* [Brief]:
Among the entries below, only the lines from the one with "Белые невлагостойкие файлы" through the one with "专业代码:520602,专业" are wanted, reproduced exactly. Pictures are not wanted.

* [Extracted entries]:
▼▼▼

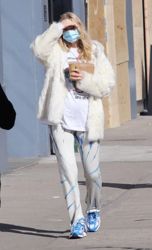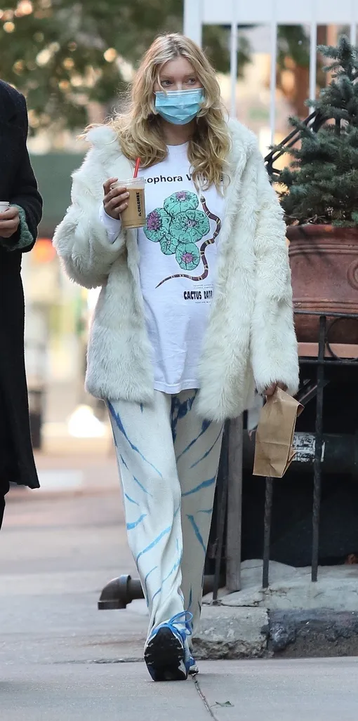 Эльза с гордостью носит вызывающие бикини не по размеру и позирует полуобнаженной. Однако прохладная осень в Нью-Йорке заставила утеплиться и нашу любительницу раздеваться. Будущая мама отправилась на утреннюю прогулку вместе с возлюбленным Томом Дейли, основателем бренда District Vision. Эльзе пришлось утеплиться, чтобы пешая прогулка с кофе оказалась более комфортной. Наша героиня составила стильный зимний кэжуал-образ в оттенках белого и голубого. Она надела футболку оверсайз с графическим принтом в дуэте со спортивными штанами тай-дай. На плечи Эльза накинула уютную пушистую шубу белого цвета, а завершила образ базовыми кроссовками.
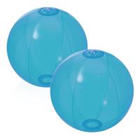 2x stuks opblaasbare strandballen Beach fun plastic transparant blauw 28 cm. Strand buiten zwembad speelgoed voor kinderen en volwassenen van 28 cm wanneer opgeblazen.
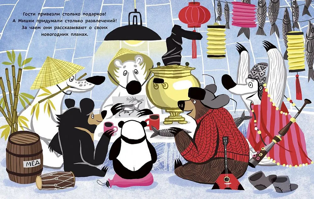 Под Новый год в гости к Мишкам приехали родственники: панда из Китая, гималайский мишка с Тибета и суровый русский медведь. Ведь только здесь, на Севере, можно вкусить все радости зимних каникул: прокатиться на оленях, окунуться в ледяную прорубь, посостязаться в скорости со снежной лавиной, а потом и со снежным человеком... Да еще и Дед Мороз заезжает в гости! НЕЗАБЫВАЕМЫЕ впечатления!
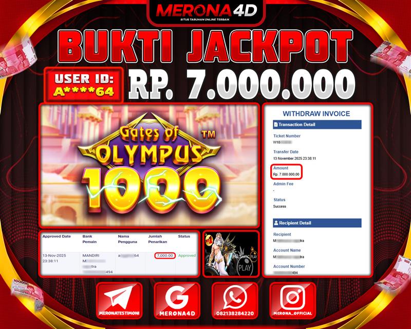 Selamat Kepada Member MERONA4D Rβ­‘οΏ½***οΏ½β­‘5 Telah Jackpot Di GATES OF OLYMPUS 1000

▲▲▲
▼▼▼

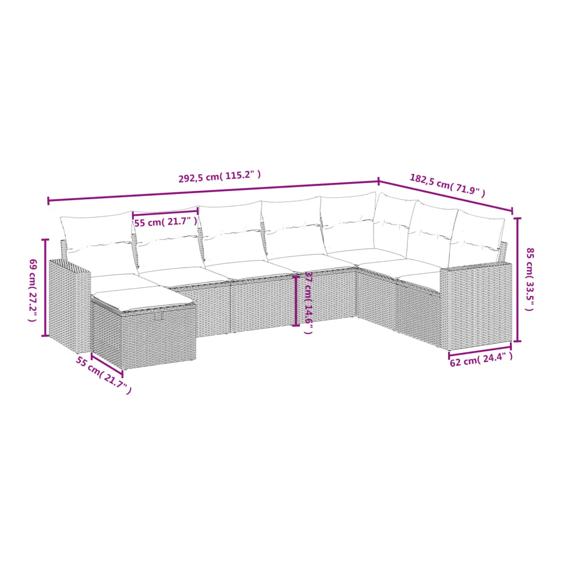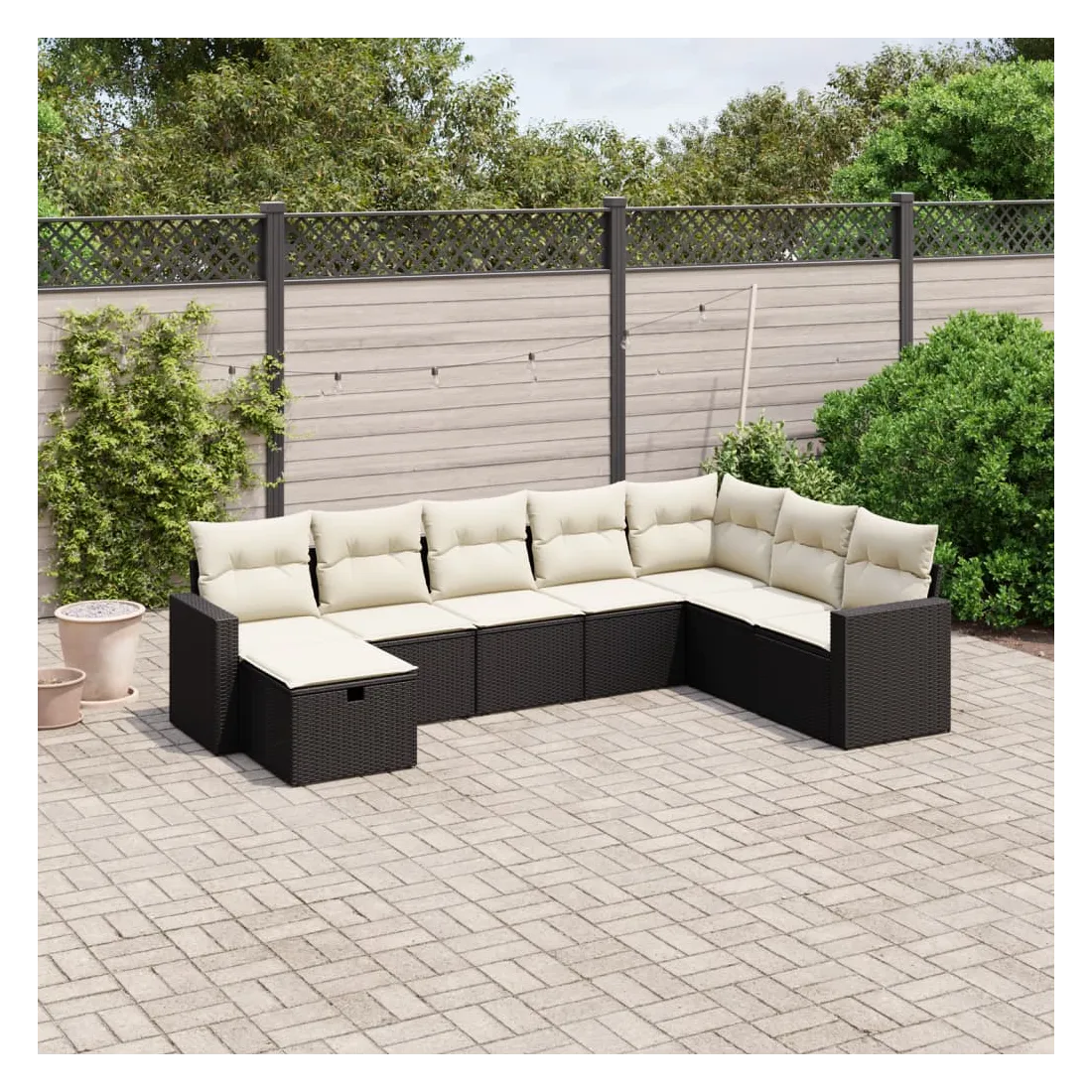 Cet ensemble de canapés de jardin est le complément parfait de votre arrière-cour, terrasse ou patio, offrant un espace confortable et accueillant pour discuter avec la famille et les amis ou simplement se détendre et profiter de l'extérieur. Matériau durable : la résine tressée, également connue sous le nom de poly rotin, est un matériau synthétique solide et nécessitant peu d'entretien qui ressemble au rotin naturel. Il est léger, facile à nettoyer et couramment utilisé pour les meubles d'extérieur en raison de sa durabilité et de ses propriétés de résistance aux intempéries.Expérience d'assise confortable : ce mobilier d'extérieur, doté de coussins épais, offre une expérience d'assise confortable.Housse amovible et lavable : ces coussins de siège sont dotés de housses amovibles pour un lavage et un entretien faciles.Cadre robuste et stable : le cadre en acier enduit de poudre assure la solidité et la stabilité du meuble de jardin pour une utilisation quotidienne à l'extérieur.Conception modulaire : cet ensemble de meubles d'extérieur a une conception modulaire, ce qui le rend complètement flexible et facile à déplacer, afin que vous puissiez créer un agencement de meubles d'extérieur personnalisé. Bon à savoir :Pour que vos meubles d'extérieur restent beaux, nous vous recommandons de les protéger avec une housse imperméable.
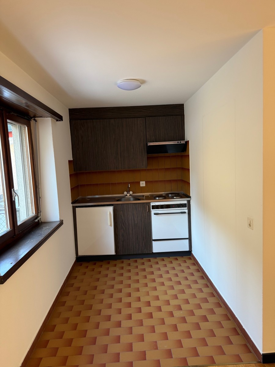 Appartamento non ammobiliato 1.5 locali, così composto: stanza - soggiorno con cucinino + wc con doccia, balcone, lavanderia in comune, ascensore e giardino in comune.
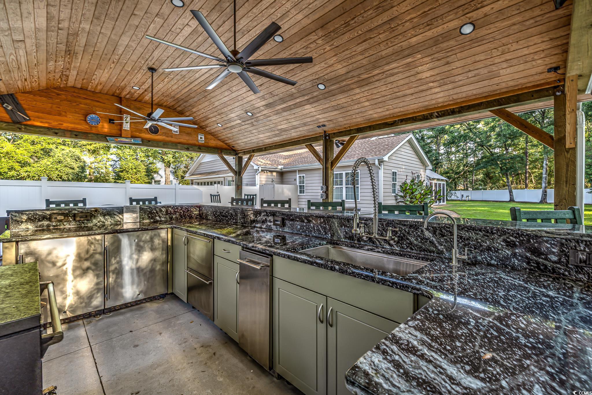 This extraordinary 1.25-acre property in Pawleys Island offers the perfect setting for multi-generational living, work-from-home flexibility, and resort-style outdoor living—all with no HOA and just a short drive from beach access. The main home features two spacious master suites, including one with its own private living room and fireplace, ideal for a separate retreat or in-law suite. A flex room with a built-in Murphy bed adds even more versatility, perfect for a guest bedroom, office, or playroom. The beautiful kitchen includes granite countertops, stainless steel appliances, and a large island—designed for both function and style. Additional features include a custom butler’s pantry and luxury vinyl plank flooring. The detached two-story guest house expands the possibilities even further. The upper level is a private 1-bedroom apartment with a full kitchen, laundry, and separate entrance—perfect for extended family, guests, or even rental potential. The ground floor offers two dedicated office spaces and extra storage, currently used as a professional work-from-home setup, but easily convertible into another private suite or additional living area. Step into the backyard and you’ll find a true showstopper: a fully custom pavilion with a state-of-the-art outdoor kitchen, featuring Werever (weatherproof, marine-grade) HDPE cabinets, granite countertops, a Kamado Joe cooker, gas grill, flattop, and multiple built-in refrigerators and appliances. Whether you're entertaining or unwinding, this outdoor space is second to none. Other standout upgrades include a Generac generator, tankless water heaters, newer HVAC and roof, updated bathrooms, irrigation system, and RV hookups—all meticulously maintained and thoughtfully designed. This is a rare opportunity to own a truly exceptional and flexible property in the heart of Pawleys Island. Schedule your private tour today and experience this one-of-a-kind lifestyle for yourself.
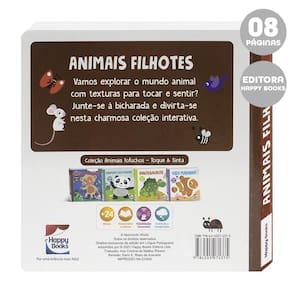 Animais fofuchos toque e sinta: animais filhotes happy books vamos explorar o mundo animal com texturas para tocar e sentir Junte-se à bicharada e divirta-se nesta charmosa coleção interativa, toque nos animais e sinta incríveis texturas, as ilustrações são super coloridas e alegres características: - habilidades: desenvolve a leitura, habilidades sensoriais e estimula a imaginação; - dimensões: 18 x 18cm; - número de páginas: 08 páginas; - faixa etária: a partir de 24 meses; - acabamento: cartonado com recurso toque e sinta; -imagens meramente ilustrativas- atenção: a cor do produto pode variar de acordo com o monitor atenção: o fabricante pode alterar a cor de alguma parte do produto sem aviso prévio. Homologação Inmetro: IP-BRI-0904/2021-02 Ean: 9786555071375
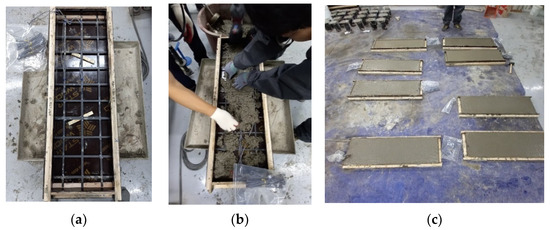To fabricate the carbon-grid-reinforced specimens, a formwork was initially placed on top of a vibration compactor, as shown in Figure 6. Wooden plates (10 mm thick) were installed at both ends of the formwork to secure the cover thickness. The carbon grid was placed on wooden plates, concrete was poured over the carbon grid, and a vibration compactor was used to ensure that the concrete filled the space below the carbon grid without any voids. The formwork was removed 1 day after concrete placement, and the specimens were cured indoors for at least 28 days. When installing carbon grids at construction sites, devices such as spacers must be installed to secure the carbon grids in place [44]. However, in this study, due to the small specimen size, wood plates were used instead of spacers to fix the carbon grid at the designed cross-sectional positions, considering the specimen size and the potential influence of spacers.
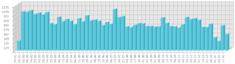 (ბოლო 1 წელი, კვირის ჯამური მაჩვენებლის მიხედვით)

▲▲▲
▼▼▼

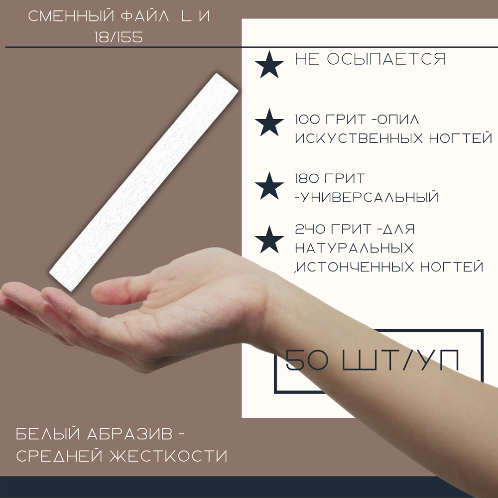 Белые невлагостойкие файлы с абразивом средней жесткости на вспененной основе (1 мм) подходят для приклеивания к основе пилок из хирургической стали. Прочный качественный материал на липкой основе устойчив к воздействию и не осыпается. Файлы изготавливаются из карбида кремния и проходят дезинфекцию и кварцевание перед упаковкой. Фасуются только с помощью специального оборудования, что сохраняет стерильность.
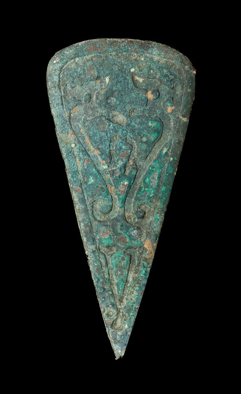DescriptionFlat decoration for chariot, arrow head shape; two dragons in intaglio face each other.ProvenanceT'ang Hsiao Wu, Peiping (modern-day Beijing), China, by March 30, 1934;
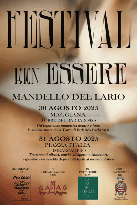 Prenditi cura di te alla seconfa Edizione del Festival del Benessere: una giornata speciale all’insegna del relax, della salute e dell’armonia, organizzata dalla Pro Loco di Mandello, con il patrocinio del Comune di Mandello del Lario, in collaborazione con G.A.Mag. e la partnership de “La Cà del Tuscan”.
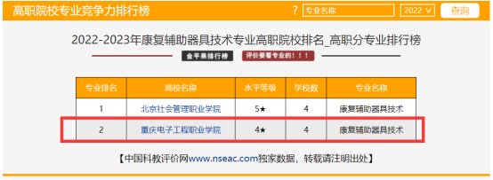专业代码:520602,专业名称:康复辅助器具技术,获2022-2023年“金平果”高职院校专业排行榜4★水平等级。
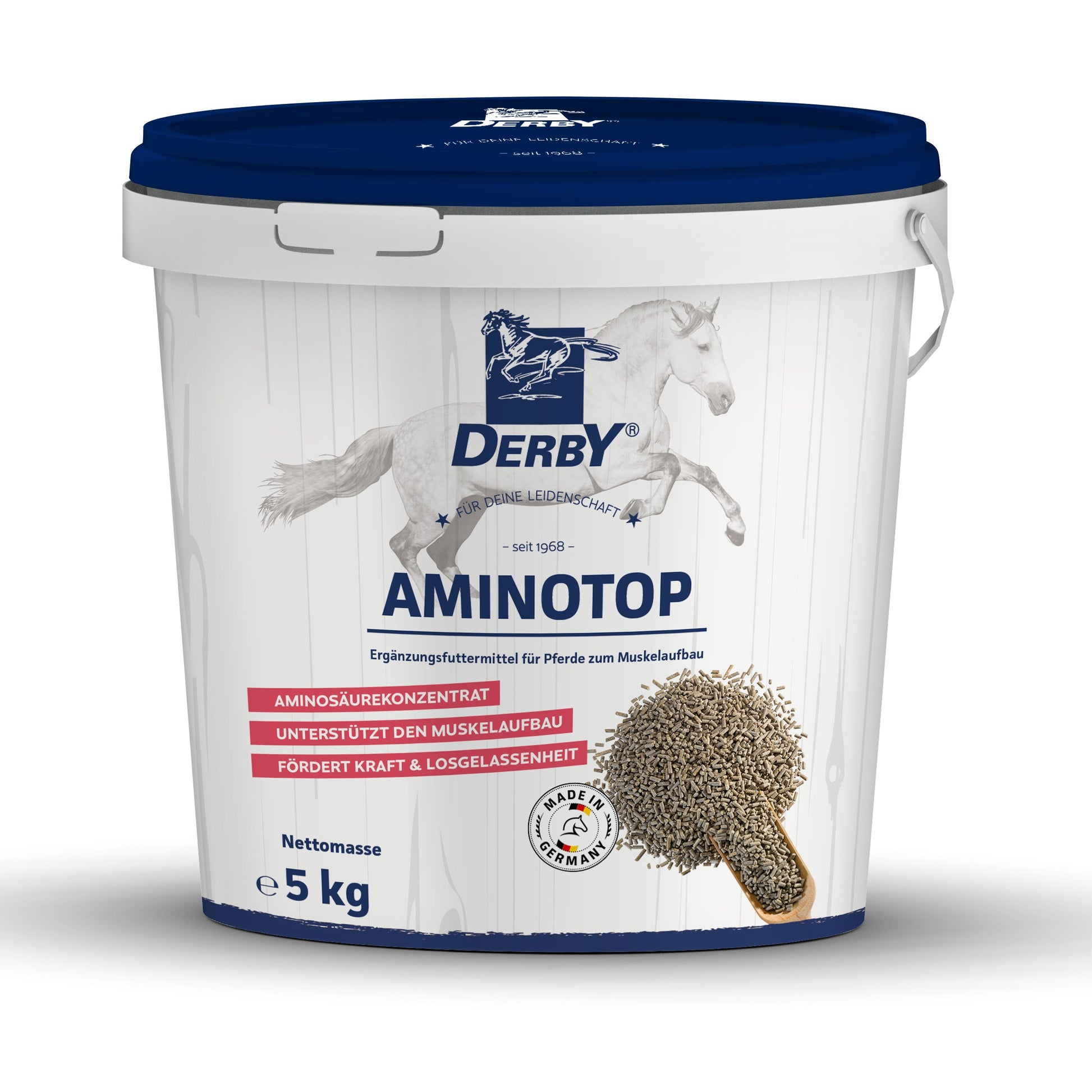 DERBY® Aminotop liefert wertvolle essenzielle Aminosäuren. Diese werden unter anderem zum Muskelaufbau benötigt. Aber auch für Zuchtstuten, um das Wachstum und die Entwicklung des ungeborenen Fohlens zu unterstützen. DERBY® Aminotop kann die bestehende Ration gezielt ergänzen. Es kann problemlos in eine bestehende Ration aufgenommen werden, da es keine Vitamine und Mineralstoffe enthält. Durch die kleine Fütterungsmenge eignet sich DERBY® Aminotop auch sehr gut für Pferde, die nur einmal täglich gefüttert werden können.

▲▲▲

* [Answer space]:
 Белые невлагостойкие файлы с абразивом средней жесткости на вспененной основе (1 мм) подходят для приклеивания к основе пилок из хирургической стали. Прочный качественный материал на липкой основе устойчив к воздействию и не осыпается. Файлы изготавливаются из карбида кремния и проходят дезинфекцию и кварцевание перед упаковкой. Фасуются только с помощью специального оборудования, что сохраняет стерильность.
DescriptionFlat decoration for chariot, arrow head shape; two dragons in intaglio face each other.ProvenanceT'ang Hsiao Wu, Peiping (modern-day Beijing), China, by March 30, 1934;
 Prenditi cura di te alla seconfa Edizione del Festival del Benessere: una giornata speciale all’insegna del relax, della salute e dell’armonia, organizzata dalla Pro Loco di Mandello, con il patrocinio del Comune di Mandello del Lario, in collaborazione con G.A.Mag. e la partnership de “La Cà del Tuscan”.
专业代码:520602,专业名称:康复辅助器具技术,获2022-2023年“金平果”高职院校专业排行榜4★水平等级。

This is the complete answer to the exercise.